Department of Biostatistics, School of Public Health (Guangdong Provincial Key Laboratory of Tropical Disease Research), Southern Medical University, Guangzhou, P.R. China.
Department of Statistics, Jinan University, Guangzhou, P.R. China.
Ann Epidemiol. 2020 Apr;44:45-51. doi: 10.1016/j.annepidem.2020.01.009. Epub 2020 Mar 4.
Providing up-to-date information on patient prognosis is important in determining the optimal treatment strategies. The currently available prediction models, such as the Cox model, are limited to making predictions from baseline and do not consider the time-varying effects of covariates.
A total of 1501 cervical cancer patients from the Surveillance, Epidemiology, and End Results (SEER) database were included. We introduced three landmark dynamic prediction models (models 1-3) that explore the dynamic effects of prognostic factors to obtain 5-year dynamic survival rate predictions at different prediction times. The performances of these models were evaluated by Harrell's C-index and the Brier score using cross-validation.

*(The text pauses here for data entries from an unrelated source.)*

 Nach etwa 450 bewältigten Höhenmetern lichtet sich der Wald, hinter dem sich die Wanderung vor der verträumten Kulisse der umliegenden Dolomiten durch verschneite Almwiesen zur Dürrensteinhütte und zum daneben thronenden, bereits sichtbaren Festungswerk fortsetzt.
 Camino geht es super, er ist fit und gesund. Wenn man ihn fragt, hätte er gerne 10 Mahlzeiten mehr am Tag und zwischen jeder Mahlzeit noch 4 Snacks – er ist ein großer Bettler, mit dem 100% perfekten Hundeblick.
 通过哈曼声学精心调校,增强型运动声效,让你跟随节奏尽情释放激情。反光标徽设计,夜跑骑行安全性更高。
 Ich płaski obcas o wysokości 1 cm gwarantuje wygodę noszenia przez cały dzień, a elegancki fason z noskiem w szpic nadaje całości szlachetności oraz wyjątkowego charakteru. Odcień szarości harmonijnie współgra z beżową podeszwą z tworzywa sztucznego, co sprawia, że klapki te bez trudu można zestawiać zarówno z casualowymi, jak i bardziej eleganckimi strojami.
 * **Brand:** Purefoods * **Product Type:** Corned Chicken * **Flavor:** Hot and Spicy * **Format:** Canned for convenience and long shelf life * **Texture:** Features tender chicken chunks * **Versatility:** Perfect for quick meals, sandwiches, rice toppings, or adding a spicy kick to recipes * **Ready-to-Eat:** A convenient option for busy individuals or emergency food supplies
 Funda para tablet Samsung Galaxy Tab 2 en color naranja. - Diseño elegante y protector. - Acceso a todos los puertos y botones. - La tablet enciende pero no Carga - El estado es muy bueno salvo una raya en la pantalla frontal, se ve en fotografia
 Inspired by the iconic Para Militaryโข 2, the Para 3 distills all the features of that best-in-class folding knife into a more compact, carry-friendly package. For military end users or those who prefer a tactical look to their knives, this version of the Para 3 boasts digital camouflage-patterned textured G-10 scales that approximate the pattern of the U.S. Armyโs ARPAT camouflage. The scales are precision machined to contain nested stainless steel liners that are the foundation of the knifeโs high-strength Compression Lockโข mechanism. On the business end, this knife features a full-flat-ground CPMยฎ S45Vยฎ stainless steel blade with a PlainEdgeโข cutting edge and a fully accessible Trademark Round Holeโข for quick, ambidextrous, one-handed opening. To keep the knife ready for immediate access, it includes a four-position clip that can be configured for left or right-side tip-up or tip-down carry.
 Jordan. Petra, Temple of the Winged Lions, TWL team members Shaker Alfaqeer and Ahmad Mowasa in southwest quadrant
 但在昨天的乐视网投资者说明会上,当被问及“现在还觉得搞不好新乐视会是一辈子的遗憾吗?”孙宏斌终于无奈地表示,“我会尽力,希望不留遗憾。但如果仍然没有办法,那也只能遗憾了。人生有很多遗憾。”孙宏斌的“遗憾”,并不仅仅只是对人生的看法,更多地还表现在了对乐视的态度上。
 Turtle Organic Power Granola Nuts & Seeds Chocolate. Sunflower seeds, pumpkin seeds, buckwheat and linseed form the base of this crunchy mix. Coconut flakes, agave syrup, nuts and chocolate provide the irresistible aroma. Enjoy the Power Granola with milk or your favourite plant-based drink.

Some variables did not meet the proportional hazards assumption, indicating that the constant hazard ratios were unreliable. Model 3, which showed the best performance for prediction, was selected as the final model. Significant time-varying effects were observed for age at diagnosis, International Federation of Gynecology and Obstetrics (FIGO) stage, lymph node metastasis, and histological subtypes. Three patients were as examples used to illustrate how the predicted probabilities change at different prediction times during follow-up.

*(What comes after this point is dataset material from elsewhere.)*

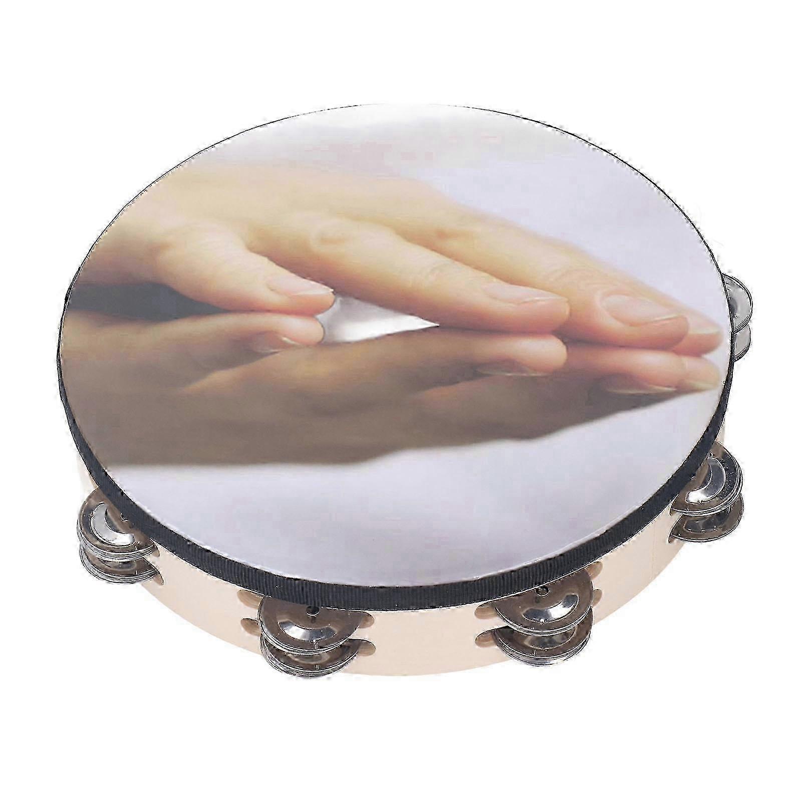10in Double Row Musical Tambourine PET Waterproof Jingles Tambourine Hand Held Percussion Drum Pray Pattern1OXFORD CLOTH STRAP: The surrounding strap of the tambourine is made of Oxford cloth, providing protection to prevent it from falling and getting damaged, as well as preventing edge curling. 2HAND POLISHED EDGES: The edges of the bell are hand polished to ensure a smoothly and seamless finish, free from any rough edges that may cause injury. The PET waterproof drum surface is soft and flexible, with vibrant ink printing that adds a touch of resilience. 3DOUBLE ROW STAINLESS STEEL BELLS: The tambourine is equipped with double layer stainless steel bells, producing a clear and melodious sound when shaken. It is suitable for accompaniment in music bands or as an introduction to music for children. 4ERGONOMIC DESIGN: The musical tambourine is designed to fit comfortably in your hand, making it easy to grasp and shake without straining your hand or wrist. 5VERSATILE AND FUN: Whether used for musical performances, educational purposes, or recreational activities, this handbell offers a fun way to engage with music and create beautiful sounds. Note: Due to the light and screen setting difference, the item's color may be slightly different from the pictures. Please allow slight dimension difference due to different manual measurement.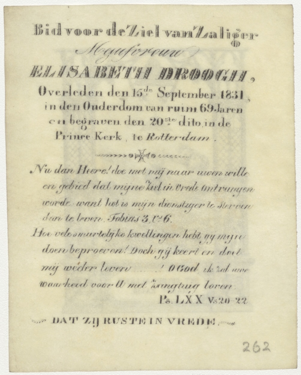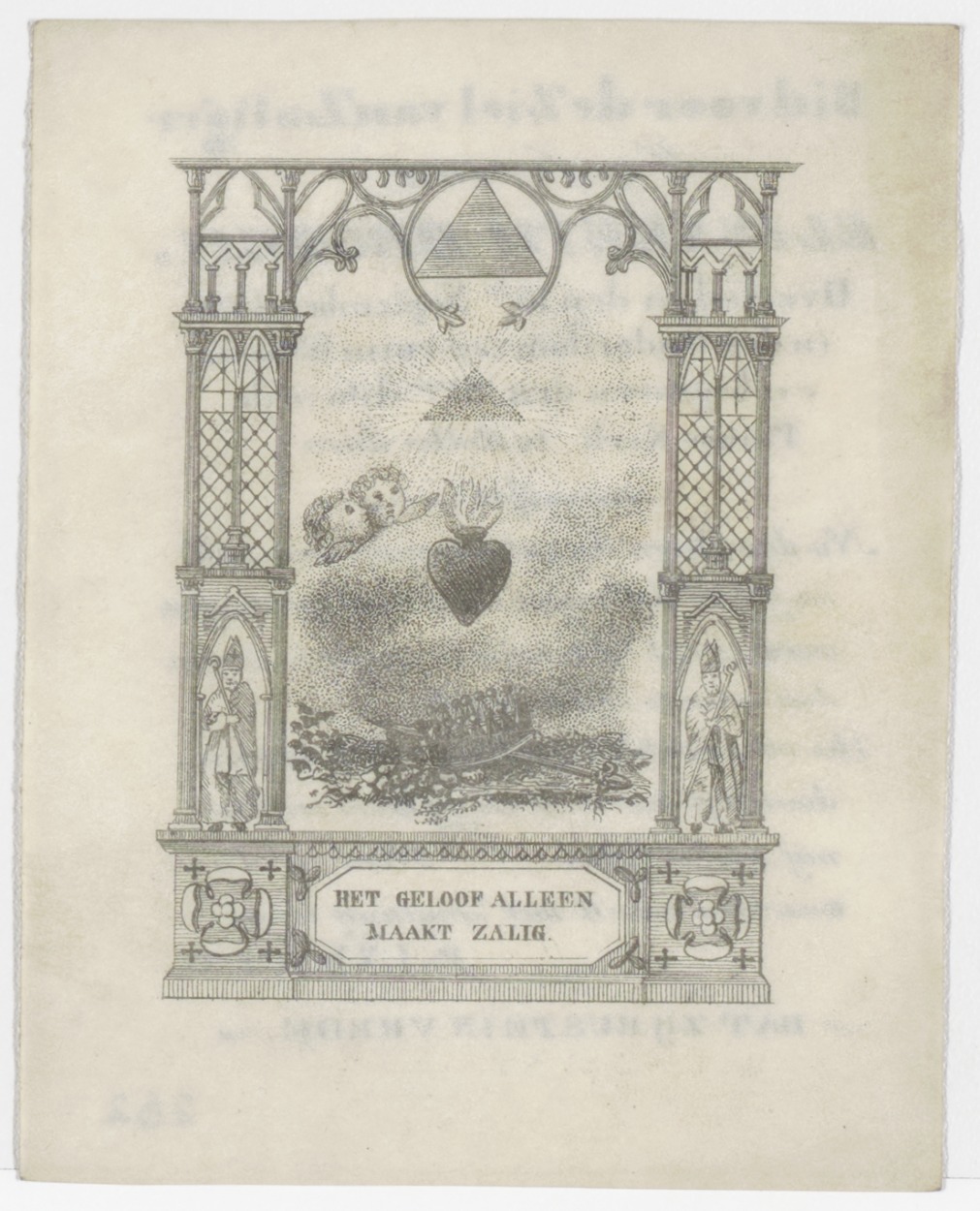 Het geloof alleen maakt zalig, met zwaard en kroon onder H. Hart en Alziend Oog,, kz. Bid voor ziel Elisabeth Droogh (+1831) Rotterdam

Model 3 can effectively incorporate covariates with time-varying effects and update the probability of surviving an additional 5 years at different prediction times. The use of the landmark approach may provide evidence for clinical decision making by updating personalized information for patients.
提供有关患者预后的最新信息对于确定最佳治疗策略非常重要。目前可用的预测模型,如 Cox 模型,仅限于从基线进行预测,并且不考虑协变量的时变效应。

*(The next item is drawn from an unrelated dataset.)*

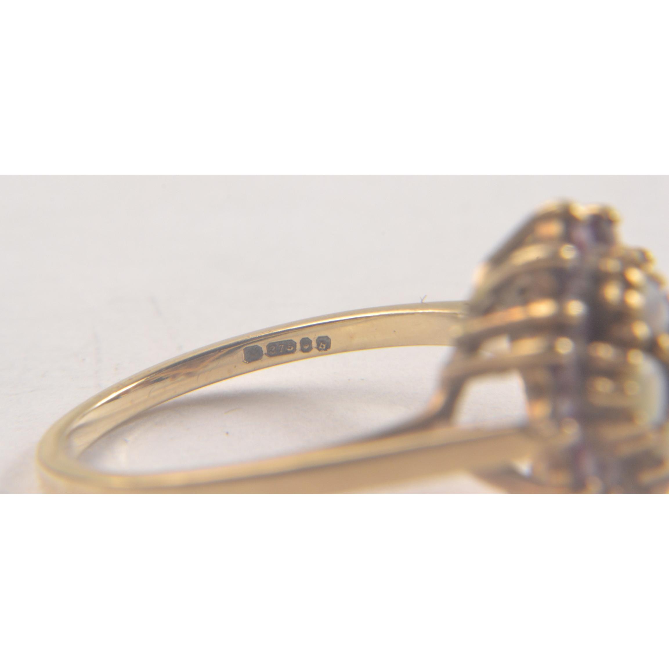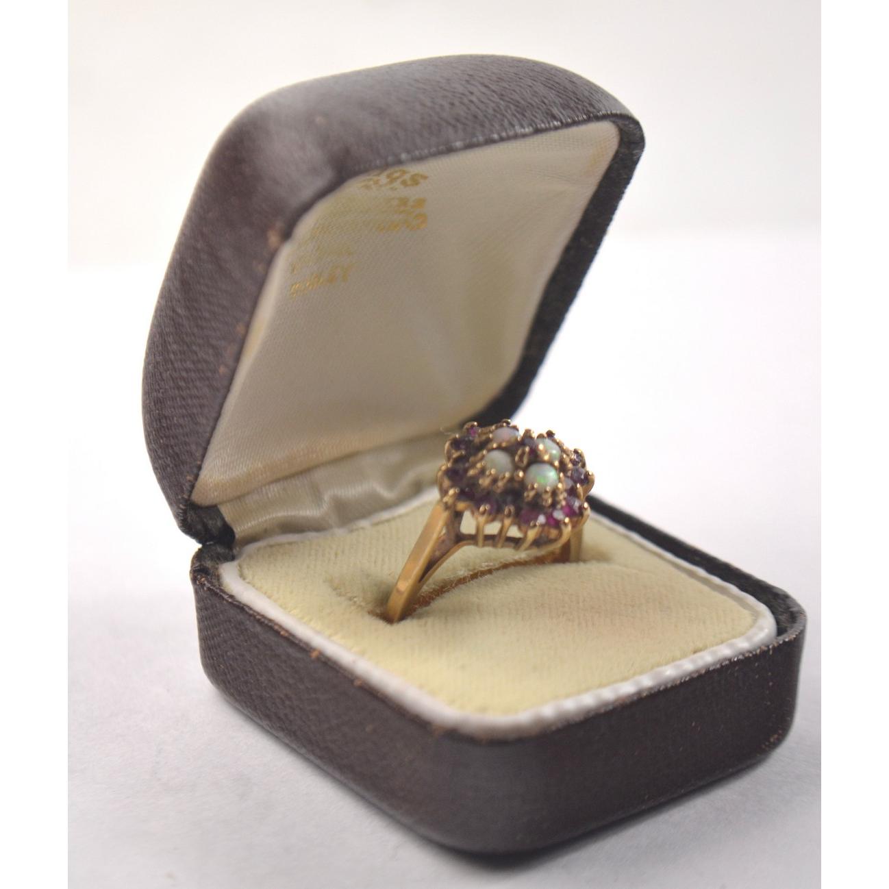 9ct gold ruby and opal ring. Size P/Q. Set with 4 opals surrounded by rubies with a central ruby. In ring boxGross weight approx 3.2g

共纳入来自监测、流行病学和最终结果(SEER)数据库的 1501 例宫颈癌患者。我们引入了三种里程碑式的动态预测模型(模型 1-3),以探索预后因素的动态效应,从而在不同的预测时间获得 5 年的动态生存率预测。通过交叉验证,使用 Harrell 的 C 指数和 Brier 评分评估这些模型的性能。
一些变量不符合比例风险假设,这表明常数风险比不可靠。表现最佳的预测模型 3 被选为最终模型。诊断时的年龄、国际妇产科联合会(FIGO)分期、淋巴结转移和组织学亚型等变量均观察到显著的时变效应。以 3 名患者为例,说明了在随访期间不同预测时间下预测概率如何变化。
模型 3 可以有效地纳入具有时变效应的协变量,并在不同的预测时间更新额外存活 5 年的概率。使用里程碑方法可以通过更新患者的个性化信息为临床决策提供依据。